Outro problema recorrente que se torna um obstáculo para a integração é a xenofobia. Menos da metade dos refugiados entrevistados (41%) admitiu ter sofrido algum tipo de discriminação. Dentre esses, 73,5% citaram o fato de ser estrangeiro como o motivo de discriminação. Questões raciais aparecem em segundo lugar (52%). Cinco refugiados (12,5% dos que sofreram discriminação) vinculam o ato à sua orientação sexual.

Saber mais para fazer mais

O estudo Perfil Socioeconômico dos Refugiados no Brasil é um elemento estrutural para o mandato do ACNUR, que trabalha no ordenamento de fronteira, abrigamento e no processo de integração local.

Para trabalhar estratégias e políticas assertivas de integração, é preciso de embasamento teórico e ouvir o que as pessoas refugiadas têm a dizer. “E essa pesquisa fornece justamente essas linhas-base para podermos realizar nosso trabalho.

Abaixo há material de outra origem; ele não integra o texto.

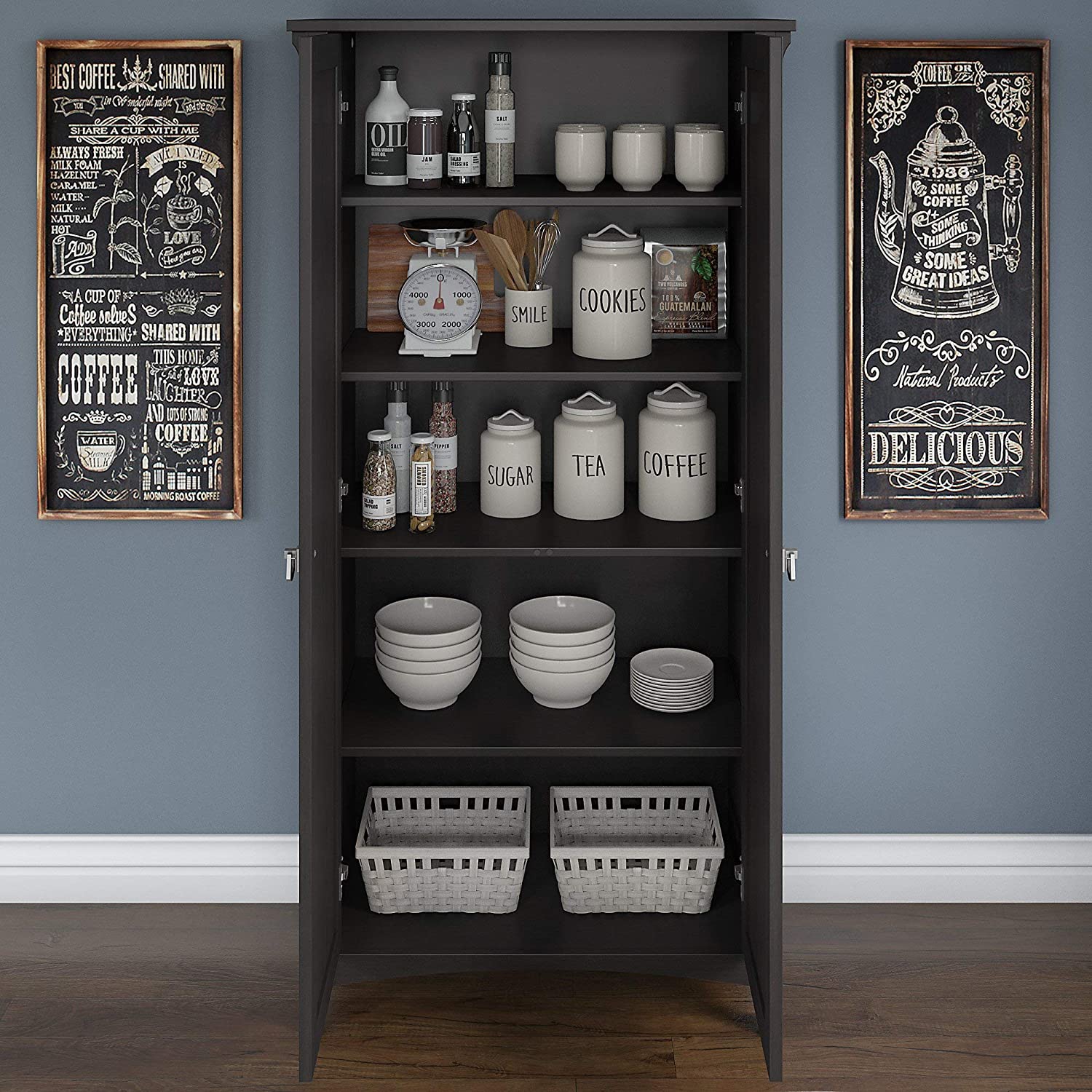 Bush Furniture SAL014VB Salinas Kitchen Pantry Cabinet with Doors in Vintage Black

Por meio dos dados coletados, temos  agora mais fundamentos para trabalhar de maneira mais efetiva a inserção laboral dos refugiados”, afirmou Paulo Sérgio.

Embora o Brasil não tenha uma política nacional de integração local para refugiados, sendo este exercício gerido pelos municípios, a pesquisa oferece insumos valiosos ao poder público, sociedade civil e empresas para que políticas públicas para essas populações possam ser desenvolvidas e implementadas, refletindo o qualificado e resiliente perfil das pessoas refugiadas no Brasil.